Deere & Company (DE)
Deere & Company (DE) manufactures and distributes machinery equipment through three business divisions: agriculture and turf, construction and forestry, and financial services. Wall Street expects the farm equipment maker to post adjusted fourth quarter (Q4) earnings of $ 2.13 per share, down 7.4% from last year’s quarter . Revenue, on the other hand, is expected to increase 1.4% year-over-year (YOY) to $ 8.46 billion. Investors will pay close attention to management’s updated outlook on business uncertainty – an issue that has hurt the company’s results this year. Trading at $ 176.03 with a market cap of $ 55.43 billion and offering a dividend yield of 1.77%, the stock has returned nearly 20% year-to-date (YTD) at November 22, 2019. Interestingly, stocks jumped 14.16% from the past. three months, outperforming both the farm equipment industry average and the S&P 500 Index over the same period by 1.09% and 7.98%, respectively.
Deere shares traded mostly sideways between January and September, with the exception of massive sell-offs in May and August – two months that saw an escalation in trade tensions between the United States and China. The stock started to hit new highs in 2019 in early October, but retraced this month, providing a ‘buy down’ trading opportunity close to support from the July high and the simple moving average (SMA) 50 days. Consider placing an initial stop-loss order below the November 20 low of $ 169.74 and increasing it below each successive swing low to let profits run.
Lindsay Corporation (LNN)
Lindsay Corporation (LNN), based in Omaha, Nebraska, manufactures and distributes agricultural irrigation equipment and international water efficiency solutions. It also provides road infrastructure products and services. The $ 944.99 million company made a surprise profit of 54% for the fiscal fourth quarter, with its earnings improving 28.5% on an annual basis. Robust sales of zipper systems within the company’s infrastructure unit contributed to the positive result. However, total revenue was down 17.3% from the quarter of last year, affected by a 28% sales decline in the company’s irrigation segment caused by divestitures of activities. As of November 22, 2019, Lindsay stock was issuing a dividend of 1.42% and had fallen 7.69% for the year.
The company’s stock price has so far remained in a limited range throughout 2019. A sign that the bulls may be preparing to take control of the stock, the 50-day SMA has passed. the 200-day SMA in September to generate a “gold cross” – a closely watched technical signal that usually indicates the start of a new uptrend.
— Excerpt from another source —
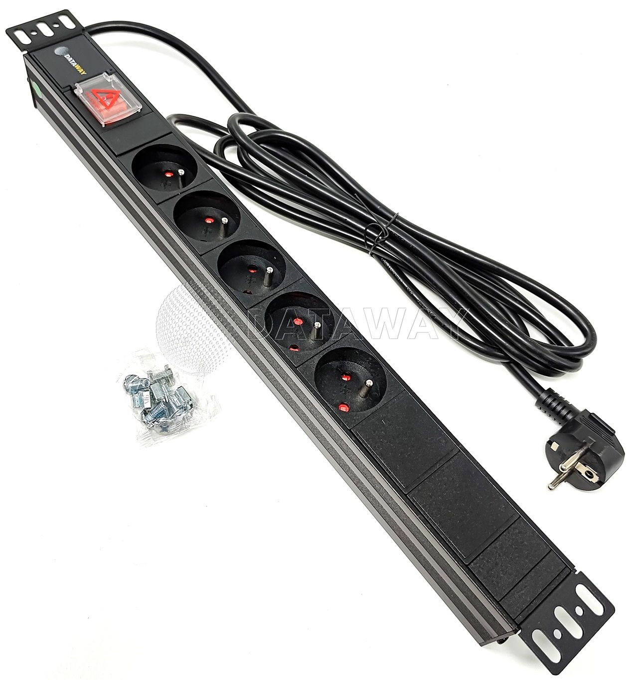 DATAWAY • PDU-5-PP-3M • Napájecí panel 5x 230V, 1U, 19", M6, 3m

November’s pullback to a crucial support area between $ 86 and $ 88 provides a suitable entry point for swing traders who wish to return to resistance above $ 97. Consider placing a stop loss order around $ 84 to limit downside risk.
CNH Industrial SA (CNHI)
With a market value of $ 14.61 billion, CNH Industrial NV (CNHI) manufactures, markets and finances agricultural equipment, construction equipment and commercial vehicles around the world. The machinery maker posted third quarter profit of 16 cents per share, although revenue of $ 6.36 billion for the period was down 4.9% from the September 2018 quarter due to poor performance in the company’s agricultural equipment and construction equipment segments, which saw YOY sales decline 7.2% and 8.5%, respectively. From a valuation perspective, the stock is trading at an attractive forward price / earnings (forward P / E) ratio of nearly 12, well below its five-year average of 16.67. As of November 22, 2019, CNH Industrial shares are returning 1.86% and have achieved a year-to-date gain of 19.56%.
Like the two stocks above, the company’s stock has fluctuated this year. More recently, the price has returned to the $ 10.75 level, where it finds a confluence of support from a three-month trendline, the July high and the 50-day SMA. Those who buy here should set a profit target between $ 12 and $ 12.50 – an area where the stock can encounter significant horizontal resistance. Protect yourself on the downside by reducing losses if the price does not hold above $ 10.50.